> Task directions
With the images excluded, set down every line of the listing below exactly.

> Data provided
====================

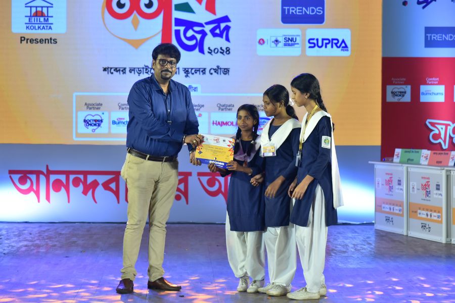 শব্দ-জব্দ ২০২৪ — ক্যুইজের আদলে বাংলা শব্দের বিভিন্ন মজার খেলা নিয়ে রাজ্যের ১২টি জেলার ২০৮টি স্কুলে হাজির হয়েছিল আনন্দবাজার অনলাইন। লক্ষ্য ছিল শিক্ষার্থীদের বাংলা ভাষার দক্ষতাকে সুচারু ও সুনিপুণ করে তোলার। সর্বোপরি মাতৃভাষার শিকড়ের সঙ্গে নতুন প্রজন্মকে জুড়ে রাখার। ‘শব্দ-জব্দ ২০২৪’ সেই লক্ষ্যে অনেকটাই সফল।
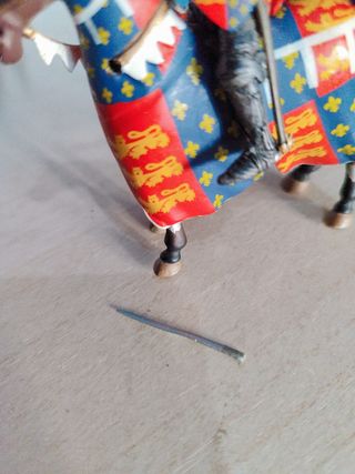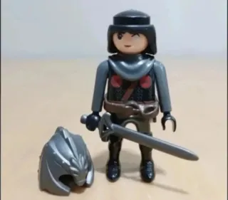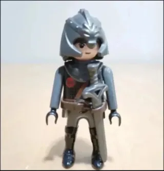Figura de Playmobil de un caballero medieval, listo para la aventura. - Casco gris con diseño. - Armadura detallada en torso y piernas. - Espada plateada. - Cinturón marrón. Opción de agrupar anuncios y de realizar envíos ordinarios por Correos
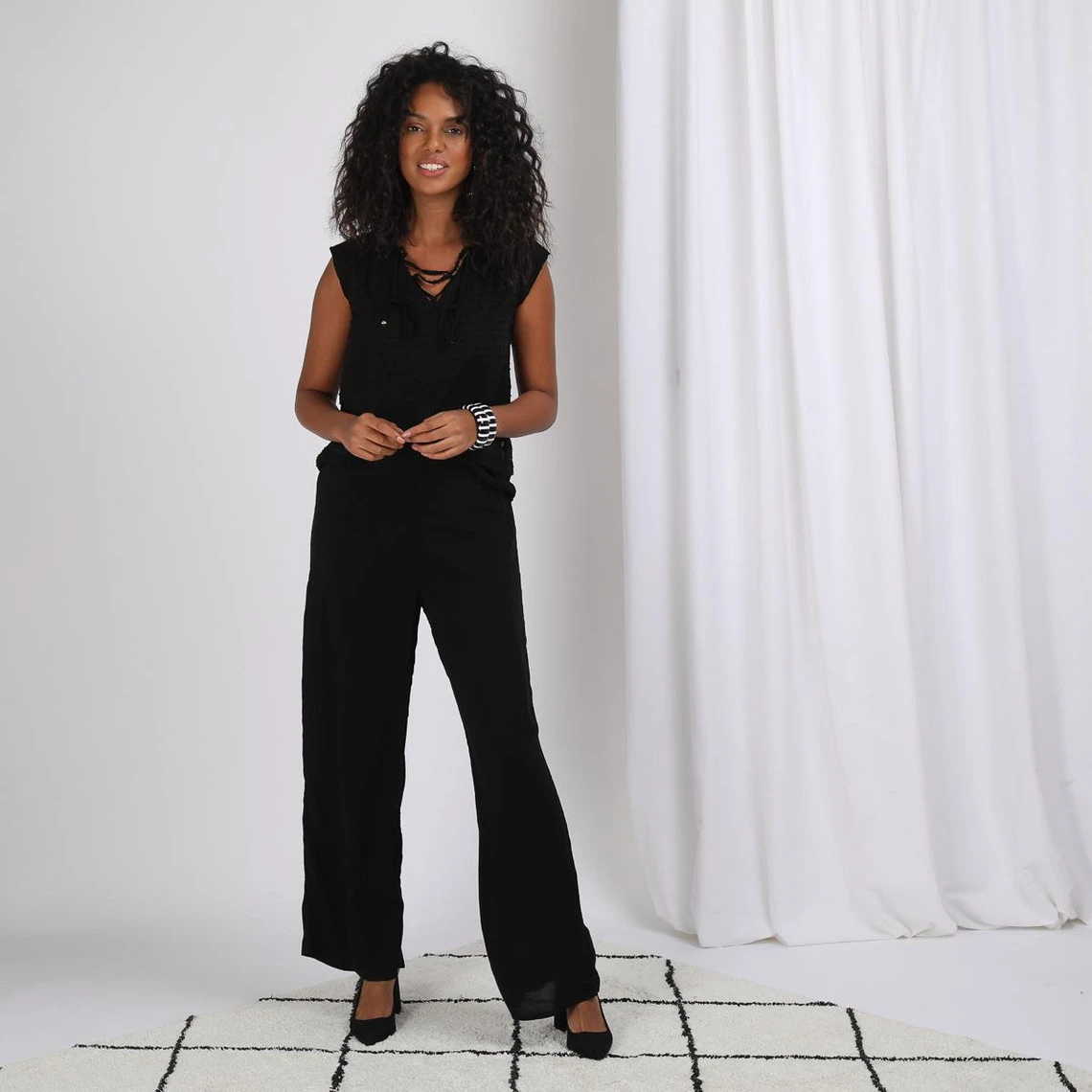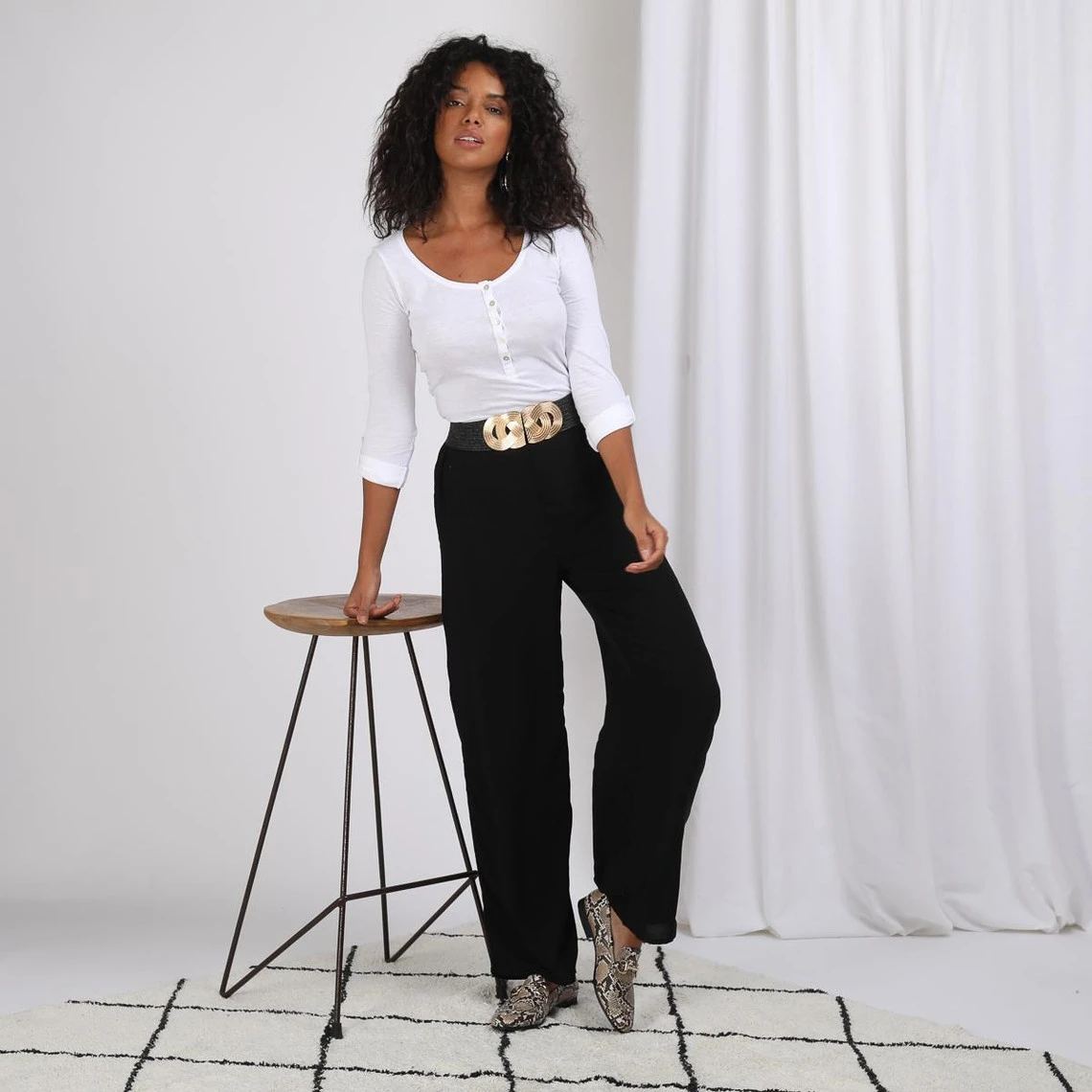 Coupe palazzo Ceinture plane devant. Élastique sur les côtés et sur le dos Jambe droite Tissu agréable à porter 100 % viscose Longueur entrejambe : 76 cm, largeur bas : 29 cm

====================

> Exercise answer
 শব্দ-জব্দ ২০২৪ — ক্যুইজের আদলে বাংলা শব্দের বিভিন্ন মজার খেলা নিয়ে রাজ্যের ১২টি জেলার ২০৮টি স্কুলে হাজির হয়েছিল আনন্দবাজার অনলাইন। লক্ষ্য ছিল শিক্ষার্থীদের বাংলা ভাষার দক্ষতাকে সুচারু ও সুনিপুণ করে তোলার। সর্বোপরি মাতৃভাষার শিকড়ের সঙ্গে নতুন প্রজন্মকে জুড়ে রাখার। ‘শব্দ-জব্দ ২০২৪’ সেই লক্ষ্যে অনেকটাই সফল।
Figura de Playmobil de un caballero medieval, listo para la aventura. - Casco gris con diseño. - Armadura detallada en torso y piernas. - Espada plateada. - Cinturón marrón. Opción de agrupar anuncios y de realizar envíos ordinarios por Correos
 Coupe palazzo Ceinture plane devant. Élastique sur les côtés et sur le dos Jambe droite Tissu agréable à porter 100 % viscose Longueur entrejambe : 76 cm, largeur bas : 29 cm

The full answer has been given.